Greece offers olive branch to creditors
Greece's anti-austerity government was to begin a European charm offensive yesterday aimed at building consensus on renegotiating its 240-billion-euro ($270 billion) bailout, even as Germany insisted it would not support any debt relief.
Just hours before Finance Minister Yanis Varoufakis headed to Paris to seek support for a renegotiation of the bailout, Prime Minister Alexis Tsipras said he believed a deal could be reached with the EU and IMF.
"No side is seeking conflict and it has never been our intention to act unilaterally on Greek debt," Tsipras said in a statement issued to Bloomberg News.
In its first meeting with creditors since it took office a week ago, the Greek government clashed with the head of the eurozone finance ministers on Friday over its plans to rethink its rescue package and to halve Greece's debt.

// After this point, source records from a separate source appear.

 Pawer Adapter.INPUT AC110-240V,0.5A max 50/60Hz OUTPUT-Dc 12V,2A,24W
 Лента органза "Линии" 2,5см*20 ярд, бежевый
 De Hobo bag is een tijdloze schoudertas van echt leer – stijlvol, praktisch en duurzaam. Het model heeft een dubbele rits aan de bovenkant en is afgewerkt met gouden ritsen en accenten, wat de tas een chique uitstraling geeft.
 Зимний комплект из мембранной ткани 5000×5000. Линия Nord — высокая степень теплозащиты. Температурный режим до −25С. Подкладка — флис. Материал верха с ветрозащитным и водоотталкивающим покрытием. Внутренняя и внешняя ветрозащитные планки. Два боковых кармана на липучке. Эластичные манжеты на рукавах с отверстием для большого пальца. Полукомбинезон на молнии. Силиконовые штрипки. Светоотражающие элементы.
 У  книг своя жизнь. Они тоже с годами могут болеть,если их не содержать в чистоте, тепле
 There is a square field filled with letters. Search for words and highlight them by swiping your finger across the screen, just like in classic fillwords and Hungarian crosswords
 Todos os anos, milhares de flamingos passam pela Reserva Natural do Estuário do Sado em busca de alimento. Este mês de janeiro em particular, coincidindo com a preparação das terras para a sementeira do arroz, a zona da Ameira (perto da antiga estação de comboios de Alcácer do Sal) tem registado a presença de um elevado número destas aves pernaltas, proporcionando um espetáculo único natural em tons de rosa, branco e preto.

Tsipras, who will visit Italian Prime Minister Matteo Renzi and French President Francois Hollande next week, said his plans did not mean Greece would renege on its commitments to the European Union and International Monetary Fund.

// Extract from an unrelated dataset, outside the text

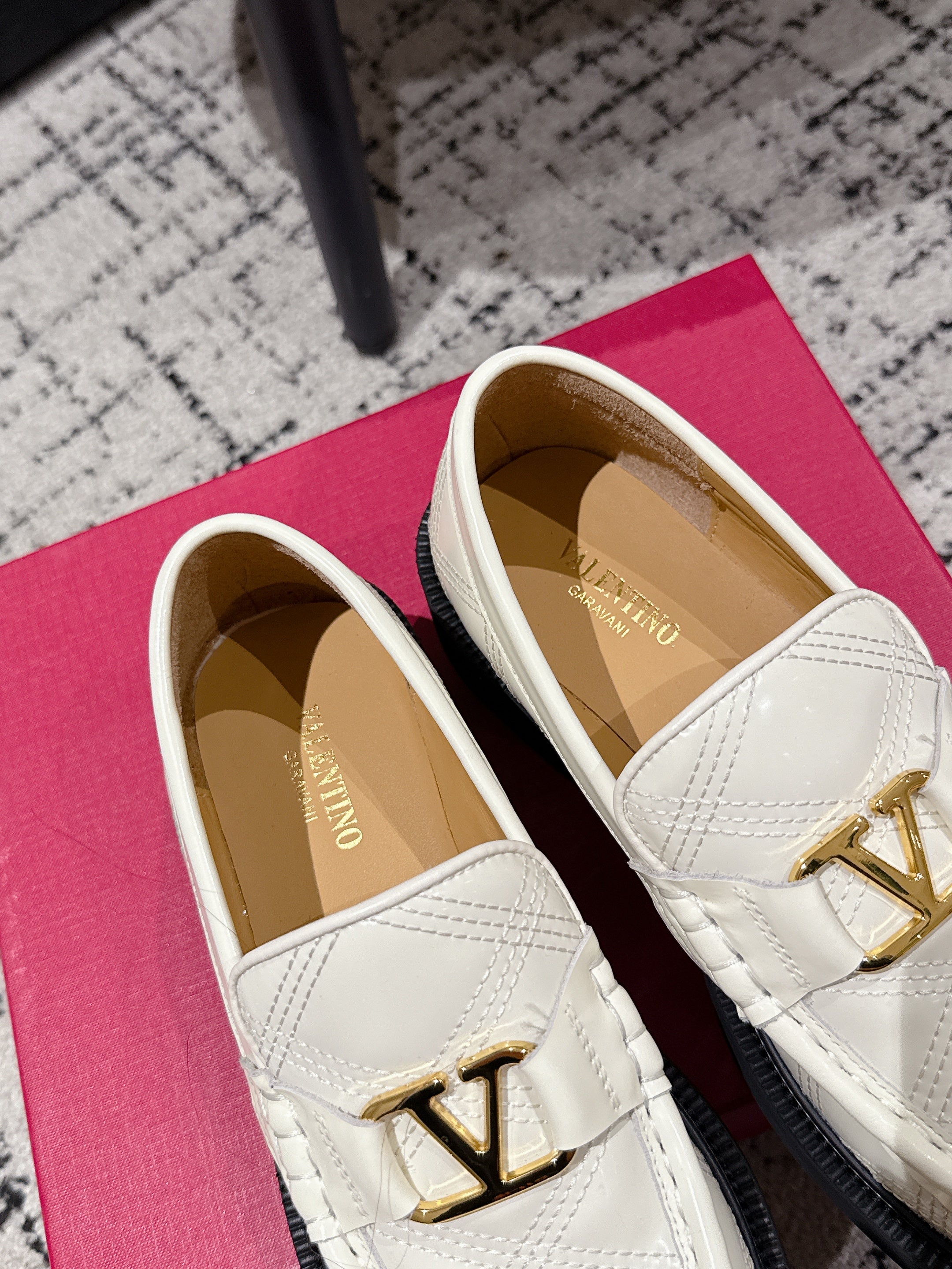 VLTN LOAFER 25S IN CREAM WHITE CALFSKIN WITH GOLD HARDWARE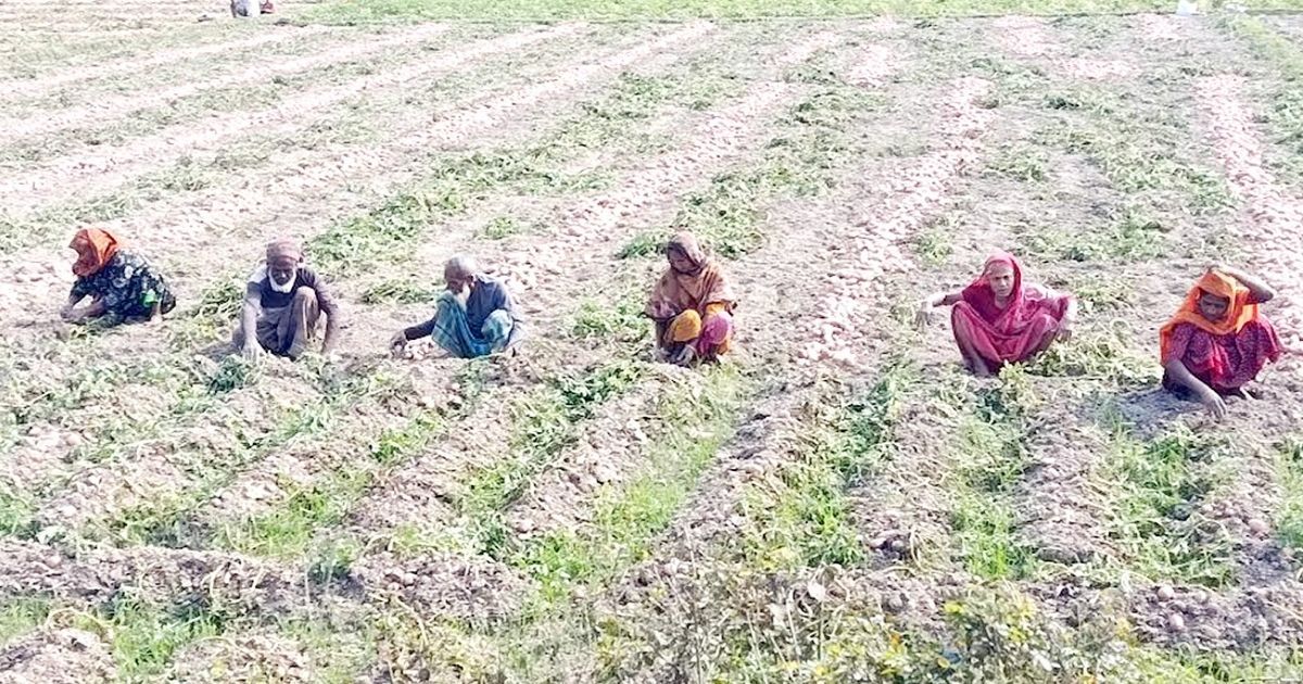 আলু তুলতে ব্যস্ত সময় পার করছেন শ্রমিকরা। শনিবার সকালে কালাই উপজেলার তিশরাপাড়ার মাঠ থেকে তোলা। ছবি: দৈনিক বাংলা

"On the contrary, it means that we need time to breathe and create our own medium-term recovery programme," he said.
This includes aiming to balance the budget -- excluding debt repayments -- and clamping down on tax evasion, corruption and policies which favour only a wealthy few, he said.

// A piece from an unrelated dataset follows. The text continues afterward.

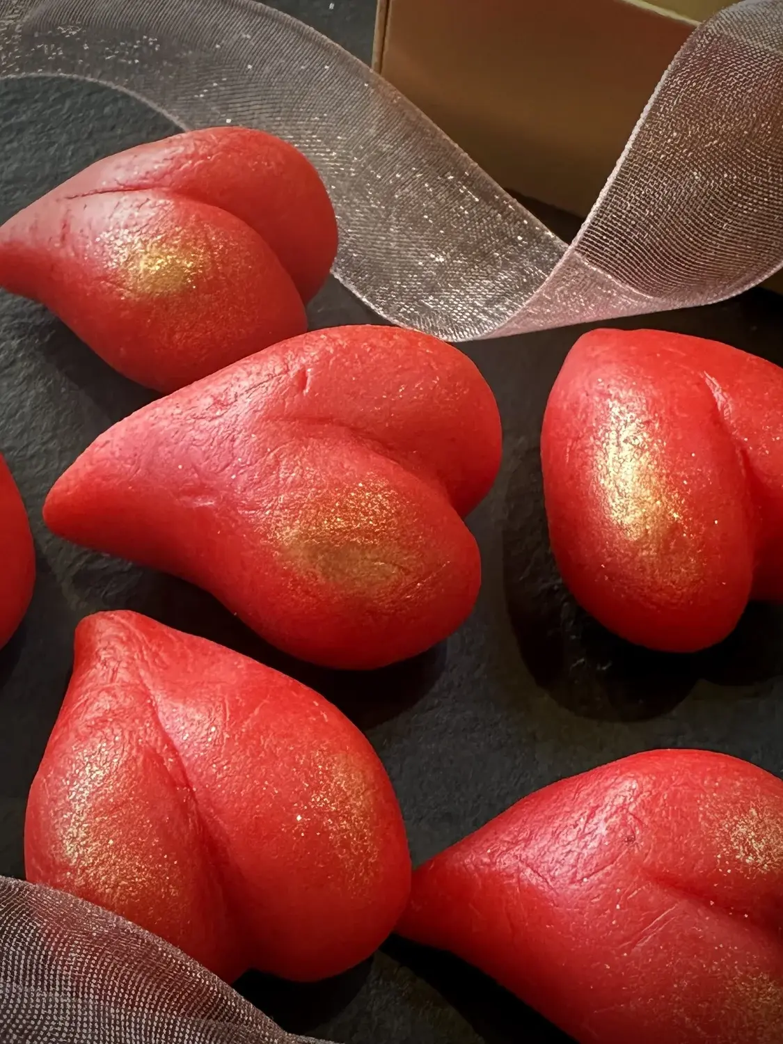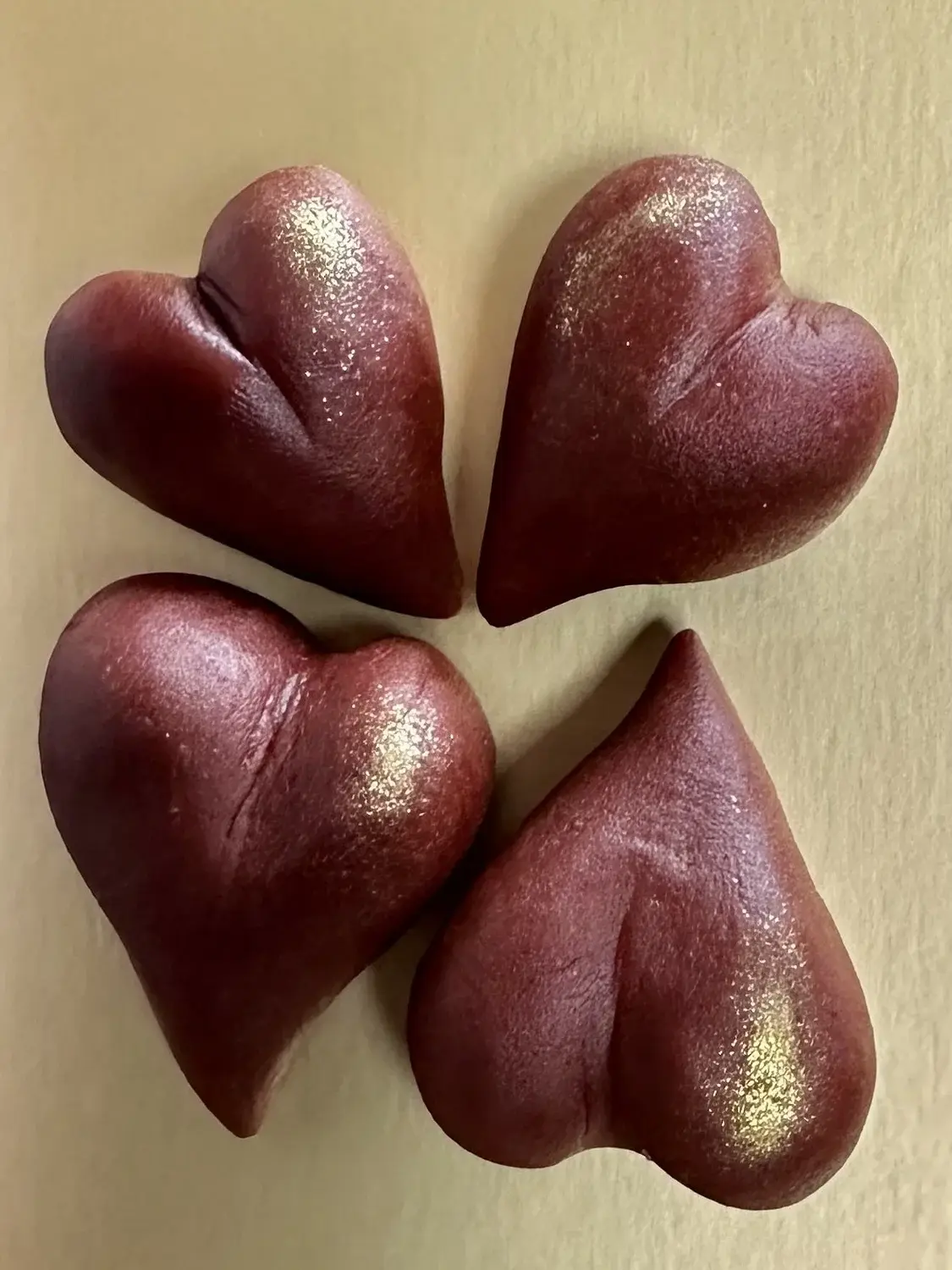 These cute little marzipan hearts come in original marzipan with two other flavours, Cherry and Chocolate (made with cocoa powder).

Neither he nor Varoufakis are intending to visit Germany, which has shouldered the bulk of Greece's loans and which strongly objects to Athens' stated plans. Portuguese Prime Minister Pedro Passos Coelho and Finnish Prime Minister Alexander Stubb also oppose any debt relief.
Despite a restructuring in 2012, Greece is still lumbered with a debt pile of more than 315 billion euros, upwards of 175 percent of gross domestic product (GDP) -- an EU record.